_ABOUT THIS EXERCISE:_
Which lines below contain "usuaris"? Copy every one of them.

.....

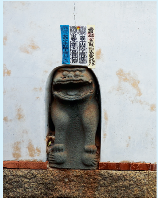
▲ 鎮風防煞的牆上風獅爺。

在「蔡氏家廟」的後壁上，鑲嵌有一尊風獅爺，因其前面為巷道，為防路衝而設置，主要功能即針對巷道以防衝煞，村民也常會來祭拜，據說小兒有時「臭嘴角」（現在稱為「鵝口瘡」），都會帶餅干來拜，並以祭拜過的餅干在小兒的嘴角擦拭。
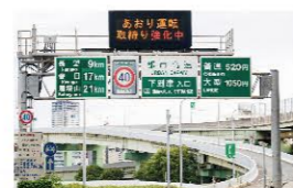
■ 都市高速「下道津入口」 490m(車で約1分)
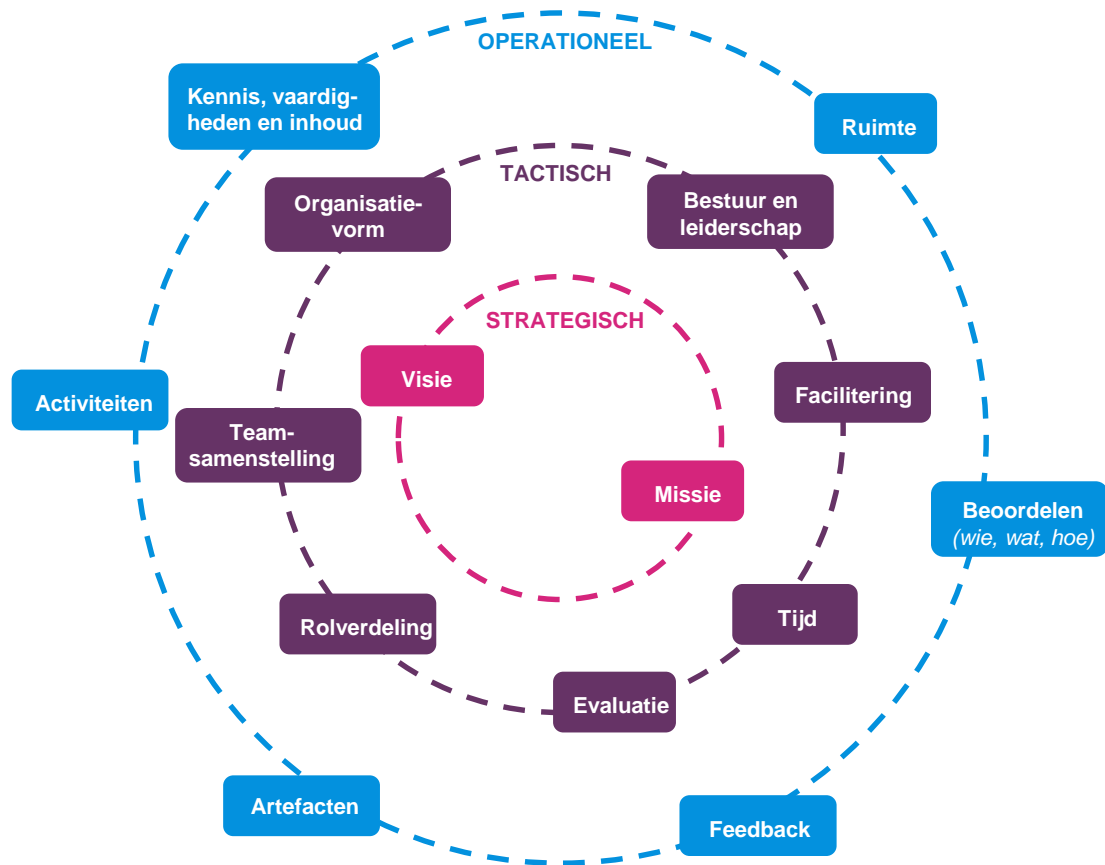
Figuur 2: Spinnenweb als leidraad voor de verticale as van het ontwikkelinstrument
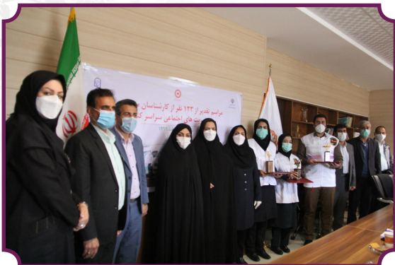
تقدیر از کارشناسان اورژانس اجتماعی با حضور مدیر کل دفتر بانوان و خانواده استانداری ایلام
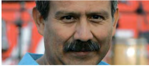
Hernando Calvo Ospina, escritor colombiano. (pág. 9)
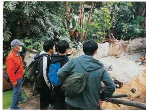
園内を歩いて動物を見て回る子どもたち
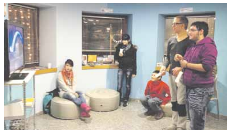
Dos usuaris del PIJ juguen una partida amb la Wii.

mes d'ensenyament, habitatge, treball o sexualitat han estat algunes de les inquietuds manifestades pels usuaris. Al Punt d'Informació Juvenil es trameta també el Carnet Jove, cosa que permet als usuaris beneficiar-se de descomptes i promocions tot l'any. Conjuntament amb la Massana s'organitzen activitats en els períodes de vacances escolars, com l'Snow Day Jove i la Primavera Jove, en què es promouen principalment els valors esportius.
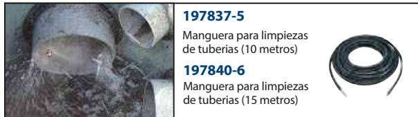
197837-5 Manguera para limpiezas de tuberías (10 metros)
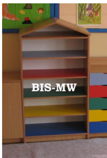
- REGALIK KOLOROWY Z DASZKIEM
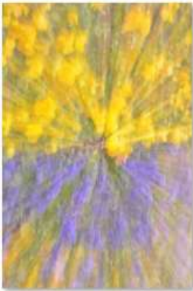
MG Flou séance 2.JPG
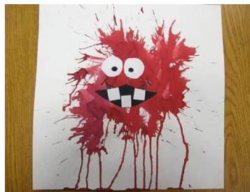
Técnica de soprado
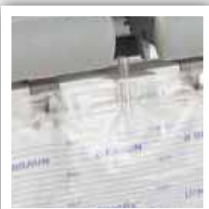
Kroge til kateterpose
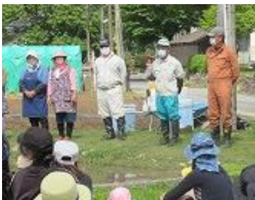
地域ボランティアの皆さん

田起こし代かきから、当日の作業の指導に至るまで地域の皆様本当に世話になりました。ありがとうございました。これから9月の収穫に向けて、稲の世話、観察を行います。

.....

_RESULT:_
Dos usuaris del PIJ juguen una partida amb la Wii.
mes d'ensenyament, habitatge, treball o sexualitat han estat algunes de les inquietuds manifestades pels usuaris. Al Punt d'Informació Juvenil es trameta també el Carnet Jove, cosa que permet als usuaris beneficiar-se de descomptes i promocions tot l'any. Conjuntament amb la Massana s'organitzen activitats en els períodes de vacances escolars, com l'Snow Day Jove i la Primavera Jove, en què es promouen principalment els valors esportius.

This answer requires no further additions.